Shipping fragile fossils

Lauren R. Hartman

November 18, 2014

12 Min Read
Shipping fragile fossils

How would you safely package and transport a 77-million-year-old, mummified dinosaur? Sealed Air Corp. ( knows how to do it, and it answers with a resounding, “very carefully.”

In fact, the job was such an amazing and unusual one, that Sealed Air and its dinonsaur story are the subject of a Discovery Channel television network episode called, “Secrets of the Dinosaur Mummy,” which aired on cable television in September.

Leonardo, a duckbilled (Brachylophosaurus Canadensis) dinosaur that roamed the earth all those millions of years ago, was found in 2000 in Montana, almost completely intact. Ninety percent of his body is covered in skin, which meant that a remarkable preservation existed. The fossil hunters know what he ate for his last meal, which consisted largely of leaves, including ferns, magnolias and conifers. A four-legged, three- or four-year-old (when he died), he is also one of the most unexpected and important dinosaur discoveries of this age, they claim.

He was found by a team of amateur geologists and paleontologists who were exploring the town of Malta, MT, and named him Leonardo after seeing some graffiti on a boulder near where he was discovered that read, “Leonard Webb and Geneva Jordan, 1917.”

The crew of more than 25 volunteers, which founded what is now the Judith River Dinosaur Insitute (JRDI), actually discovered what it believes is the first dinosaur mummy with intact digestive tract contents—a once-in-a-lifetime discovery.

Scientists have more than just its skin and bones to fully reconstruct how Leo looked and lived. With fossilized samples of the digested food still inside the viscera, plus its joints, the team of scientists also was able to create a reconstruction of the giant dinosaur, accurately, both inside and out, which they claim is a first.

Suspecting there would be fossilized organs within the dinosaur's torso, the team members agreed that the remains needed to be scanned at the National Aeronautics & Space Administration (NASA) in Houston. So Leo, who was incredibly preserved through the eons in rock and weighs two tons, would have to be moved 2,000 miles to NASA's Johnson Space Center where he could be studied further using state-of-the-art equipment.

A member of the science team solicited help from Sealed Air packaging experts to create a protective package that could safely transport Leo.

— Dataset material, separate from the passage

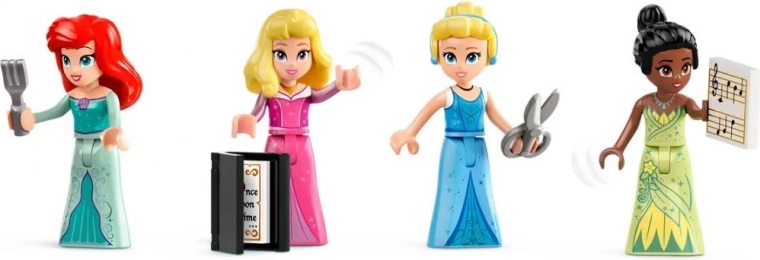 Del kompleta so minipunčke Ariel, Aurora, Pepelka in Tiana ter bogata izbira dodatkov za kreativno igro in razvoj domišljije. Zahvaljujoč aplikaciji LEGO Builder lahko otroci modele približujejo in vrtijo v 3D, shranjujejo napredek in samozavestno dokončajo gradnjo. Odlično darilo za otroke od 6 let, ki imajo radi sestavljanje in pravljice.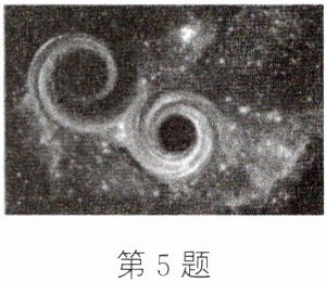 5. 宇宙中的天体都经历诞生、成长、成熟到衰老、死亡的演化过程。如图是ZS7星系黑洞合并的模拟照片,在演化的最后阶段可能变成黑洞的天体是 (

The entire journey was recorded for the Discovery Channel documentary.

You want to ship what?

But flying the specimen's remains to NASA in Houston was out of the question, the team realized. The nearest airport of any size was in Billings, MT, more than 200 miles away.

Such a trip would require multiple handlings on and off vehicles and aircraft, which would have been outside of the team's control. Leo would have to be shipped by truck.

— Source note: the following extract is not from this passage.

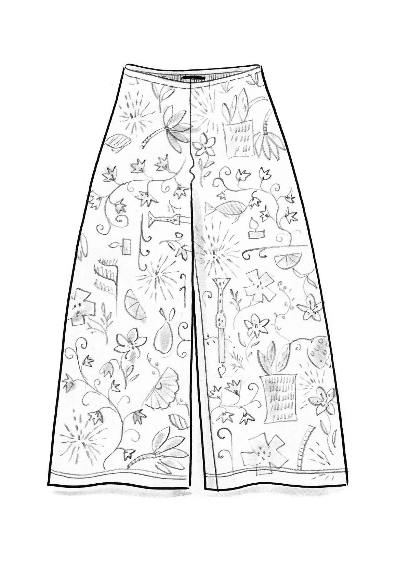Bedruckte, etwas überknöchellange Velourshose mit schwingender Saumweite. Bund mit innenseitigem Gummizug.

Funded primarily by various donations, sponsorships from industry and other private and public sources, donations of time and materials for the packaging portion of the project and the rights provided to the television production group to create the eventual Discovery Channel program, the packaging portion of the project began taking real shape when Art Anderson, a member of the science team, started to look for a way to package the mummified dinosaur gently enough to withstand truck transportation. 

The packaging request was definitely the most unique that Bill Armstrong, technical development manager at Sealed Air, says he has ever received. “It was a true chance in a lifetime,” he says. “We had use of a specific vehicle and we oversaw all loading and unloading operations. It was felt that shipping the specimen by air would have been too complex and risky for our purposes.”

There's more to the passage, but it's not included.